1. What challenges does agriculture face today?

    The Executive Summary of the IAASTD Synthesis Report states:

    A wheat field

    A wheat field
    © Lars Sundström

    This Synthesis Report captures the complexity and diversity of agriculture and AKST [Agricultural Knowledge Science and Technology] across world regions. It is built upon the global and five sub-global reports that provide evidence for the integrated analysis of the main concerns necessary to achieve development and sustainability goals. It is organized in two parts that address the primary animating question: how can AKST be used to reduce hunger and poverty, improve rural livelihoods, and facilitate equitable environmentally, socially, and economically sustainable development? The eight cross-cutting themes include: bioenergy, biotechnology, climate change, human health, NRM [Natural Resource Management], trade and markets, traditional and local knowledge and community-based innovation, and women in agriculture and is organized in two substantive parts. In the first part we identify the current conditions, challenges and options for action that shape AKST, while in the second part we focus on the eight cross-cutting themes.
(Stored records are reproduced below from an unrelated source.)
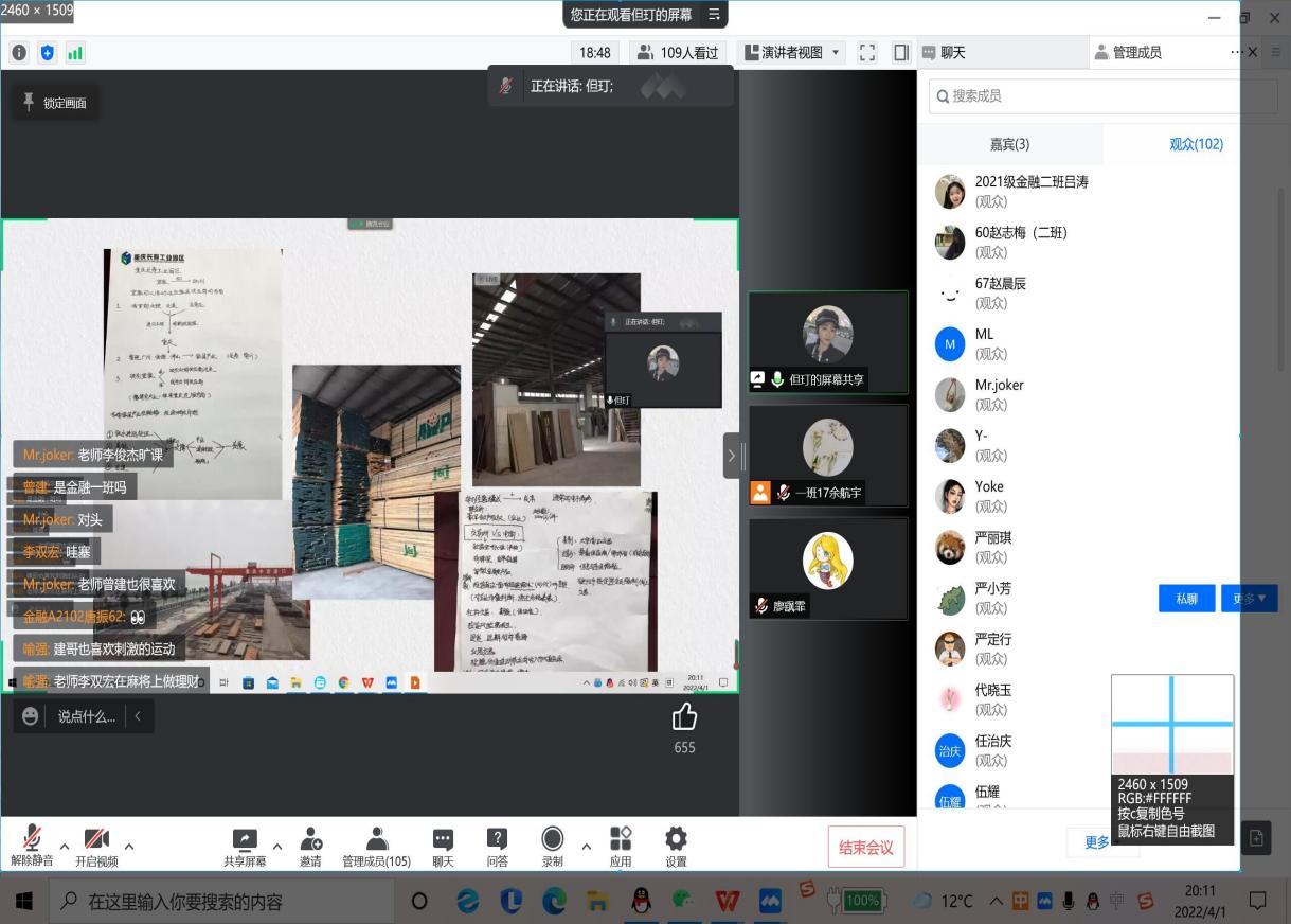 活动中,但玎老师从创新创业的意义、最新创业思路、当今创业环境、人生选择题等几个方面向学生诠释了创新创业近年来的新面貌,为学生答疑解惑,鼓励学生勇于思考、乐于实践,积极参加创新创业。
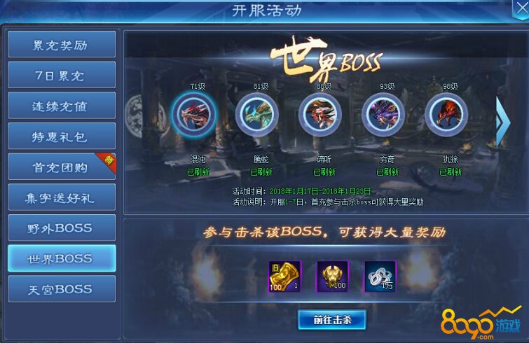 活动期间内玩家首次击杀世界BOSS即可获得大量奖励
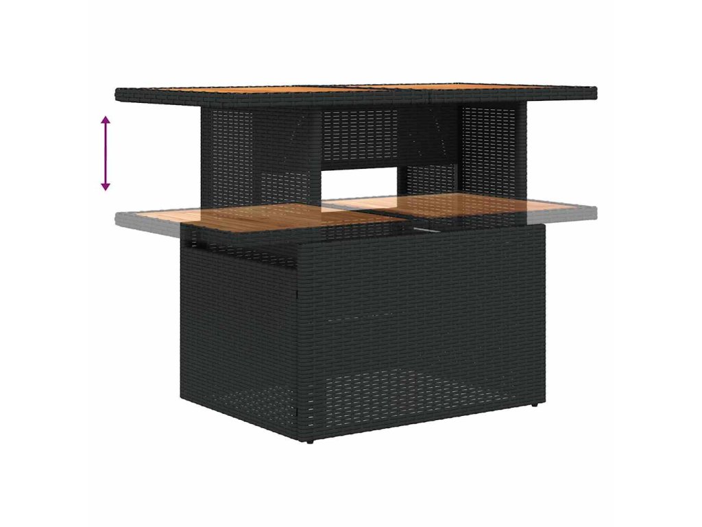 - Materiál: PE ratan, práškově lakovaná ocel, masivní akáciové dřevo s olejovou povrchovou úpravou

    The International Assessment of Agricultural Science and Technology for Development (IAASTD) responds to the widespread realization that despite significant scientific and technological achievements in our ability to increase agricultural productivity, we have been less attentive to some of the unintended social and environmental consequences of our achievements. We are now in a good position to reflect on these consequences and to outline various policy options to meet the challenges ahead, perhaps best characterized as the need for food and livelihood security under increasingly constrained environmental conditions from within and outside the realm of agriculture and globalized economic systems.

    This widespread realization is linked directly to the goals of the IAASTD: how Agricultural Knowledge, Science and Technology (AKST) can be used to reduce hunger and poverty, to improve rural livelihoods and to facilitate equitable environmentally, socially and economically sustainable development. Under the rubric of IAASTD, we recognize the importance of AKST to the multifunctionality of agriculture and the intersection with other local to global concerns, including loss of biodiversity and ecosystem services, climate change and water availability.

    The IAASTD is unique in the history of agricultural science assessments, in that it assesses both formal science and technology (S&T) and local and traditional knowledge, addresses not only production and productivity but the multifunctionality of agriculture, and recognizes that multiple perspectives exist on the role and nature of AKST. For many years, agricultural science focused on delivering component technologies to increase farm-level productivity where the market and institutional arrangements put in place by the state were the primary drivers of the adoption of new technologies. The general model has been to continuously innovate, reduce farm gate prices and externalize costs. This model drove the phenomenal achievements of AKST in industrial countries after World War II and the spread of the Green Revolution beginning in the 1960s. But, given the new challenges we confront today, there is increasing recognition within formal S&T organizations that the current AKST model requires revision. Business as usual is no longer an option. This leads to rethinking the role of AKST in achieving development and sustainability goals; one that seeks more intensive engagement across diverse worldviews and possibly contradictory approaches in ways that can inform and suggest strategies for actions enabling to the multiple functions of agriculture.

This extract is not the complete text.